If we were coaching you, we obviously wouldn’t be limited to just three workouts. So the next week, we’d probably have you do the following workout which is similar to the one above (and similar to Coogan’s 12 x 400 with 90 seconds rest) – 8 x 400 at mile pace (starting slower) with 60 seconds rest. Now that’s pretty advanced. Younger runners or advanced runners early in the season might want to do it with 90 seconds rest or break it up into sets of 3, 3 and 2 x 400.

We’d recommend alternating those workouts every other week so at most every three weeks you are repeating the same workout.

“(5 x  2 minutes on /off) is better than doing the quarters as long as you add that speed maintenance after it because you’re maintaining the rhythm longer and working more on oxygen uptake, and with the faster 150s or 200s added at the end, you get to recruit those quick twitch fibers,” said John. In actuality, we didn’t do that 5 x 2 minutes workout that often at Cornell. The signature mile workout we used and one that is amazingly good at predicting how fast you’ll run in the mile is as follows…

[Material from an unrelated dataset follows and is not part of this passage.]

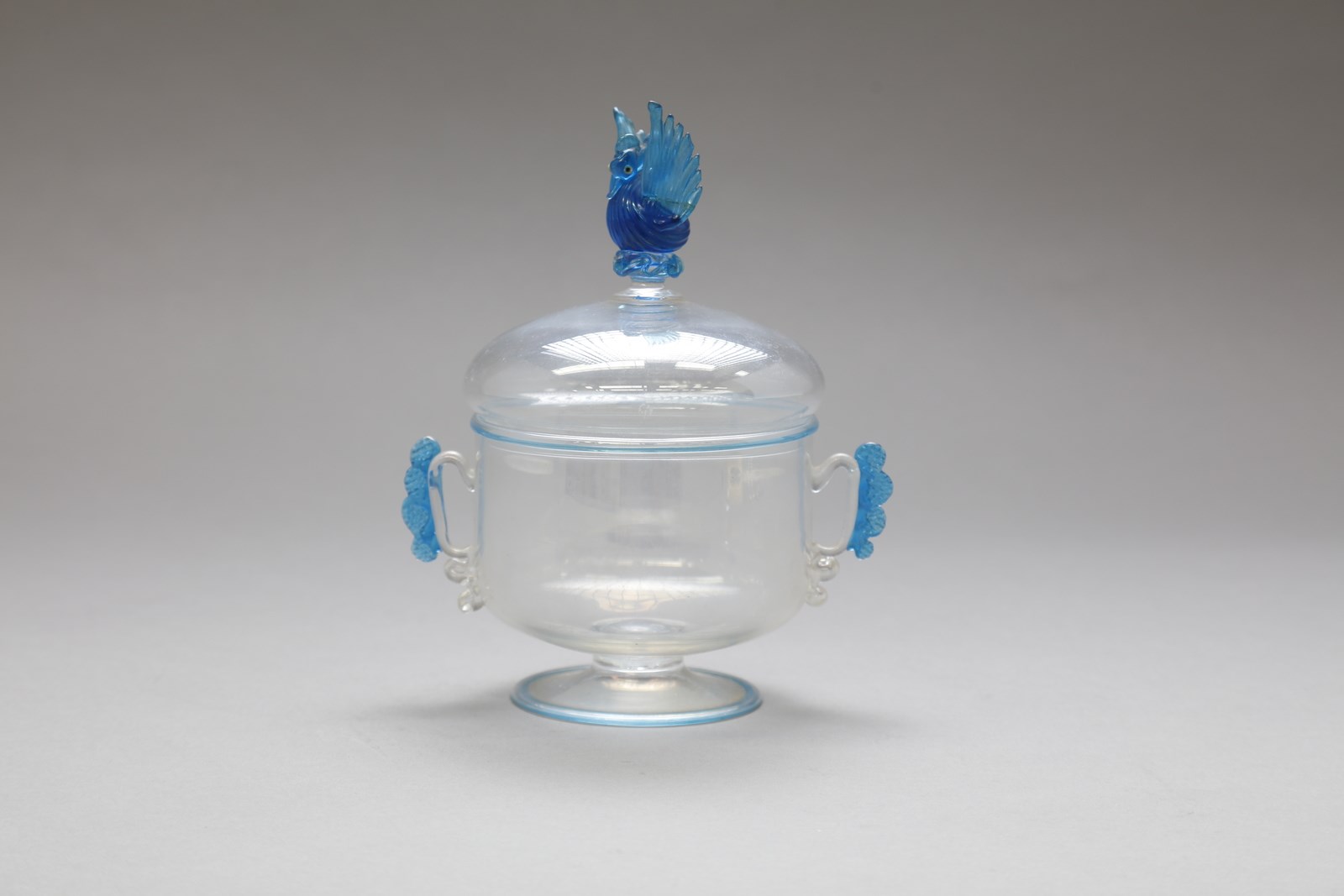 VETRERIA SALVIATI Potiche in vetro trasparente decorata con filamenti e figura animale color celeste, fine '800. Vetro di Murano.. Cm 16,00 x 20,00 x 12,00.

The “Cornell” Mile Workout

Let’s call it the Cornell Mile Workout but we certainly didn’t invent the workout. John can’t remember where he heard it, but he remembers reading that the Soviet Union did it during the 1970s (remember Kazankina’s world records?) and that it might have originally come from Horwill’s “5-pace system.”

2 sets of (400 at mile pace, 45 seconds rest, 800 at mile pace, 90 seconds rest, 300 at mile pace). After the first set, take a 4.5 minutes walk/jog rest and repeat. Run the first set a little slower than goal mile pace the first time you try it. Whatever pace you average on this bad boy is almost exactly what you’ll run in the 1,500.

I can’t believe I just gave out one of our favorite workouts for free in our second column. Oh well. 😉 But that’s super-hard and kind of advanced and is more of a race simulator. We only did it three times a year (during indoors and outdoors combined).